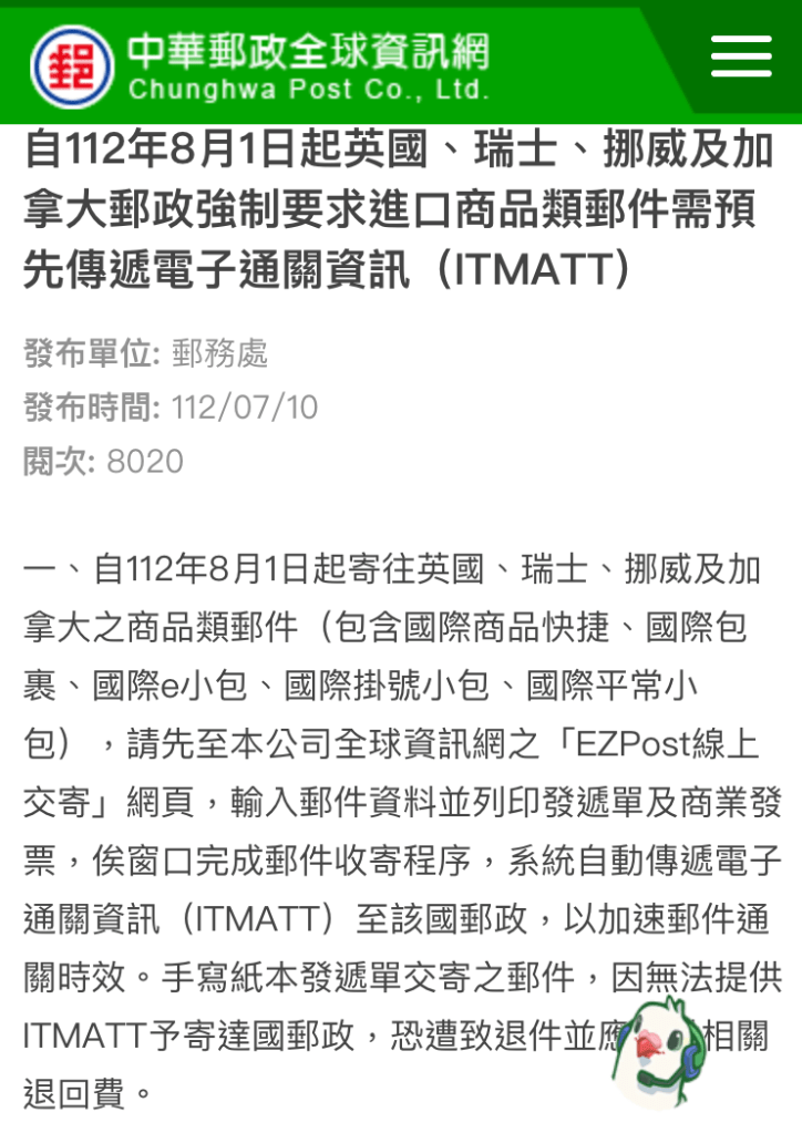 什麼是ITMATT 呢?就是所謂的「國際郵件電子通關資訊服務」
---
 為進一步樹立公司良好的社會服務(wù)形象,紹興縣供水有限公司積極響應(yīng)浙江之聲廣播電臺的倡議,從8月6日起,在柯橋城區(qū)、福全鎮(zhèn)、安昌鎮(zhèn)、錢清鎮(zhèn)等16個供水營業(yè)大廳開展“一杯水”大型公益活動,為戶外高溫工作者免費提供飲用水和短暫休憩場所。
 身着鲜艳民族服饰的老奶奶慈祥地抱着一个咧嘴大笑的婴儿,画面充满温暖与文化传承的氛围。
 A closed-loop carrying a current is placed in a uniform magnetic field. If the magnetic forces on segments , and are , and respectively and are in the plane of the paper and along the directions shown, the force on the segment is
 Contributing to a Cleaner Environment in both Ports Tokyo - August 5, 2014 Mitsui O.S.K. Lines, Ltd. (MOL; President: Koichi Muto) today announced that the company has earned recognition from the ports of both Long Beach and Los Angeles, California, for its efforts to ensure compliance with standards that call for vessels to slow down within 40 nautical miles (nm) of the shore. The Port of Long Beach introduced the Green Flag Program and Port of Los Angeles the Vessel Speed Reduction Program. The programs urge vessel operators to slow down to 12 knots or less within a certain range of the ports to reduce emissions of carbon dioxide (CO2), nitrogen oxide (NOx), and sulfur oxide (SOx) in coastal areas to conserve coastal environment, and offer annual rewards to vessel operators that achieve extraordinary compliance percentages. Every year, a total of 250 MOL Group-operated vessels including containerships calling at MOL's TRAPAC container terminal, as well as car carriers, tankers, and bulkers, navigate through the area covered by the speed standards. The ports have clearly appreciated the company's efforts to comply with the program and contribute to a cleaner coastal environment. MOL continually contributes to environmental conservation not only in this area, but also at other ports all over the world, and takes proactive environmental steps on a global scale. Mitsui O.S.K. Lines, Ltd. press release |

_Instructions to follow_
Return exactly the lines above from the line that has "身着鲜艳民族服饰的老奶奶慈祥" through the line that has "A closed-loop carrying", inclusive, and nothing else.

_Answer to the exercise_
 身着鲜艳民族服饰的老奶奶慈祥地抱着一个咧嘴大笑的婴儿,画面充满温暖与文化传承的氛围。
 A closed-loop carrying a current is placed in a uniform magnetic field. If the magnetic forces on segments , and are , and respectively and are in the plane of the paper and along the directions shown, the force on the segment is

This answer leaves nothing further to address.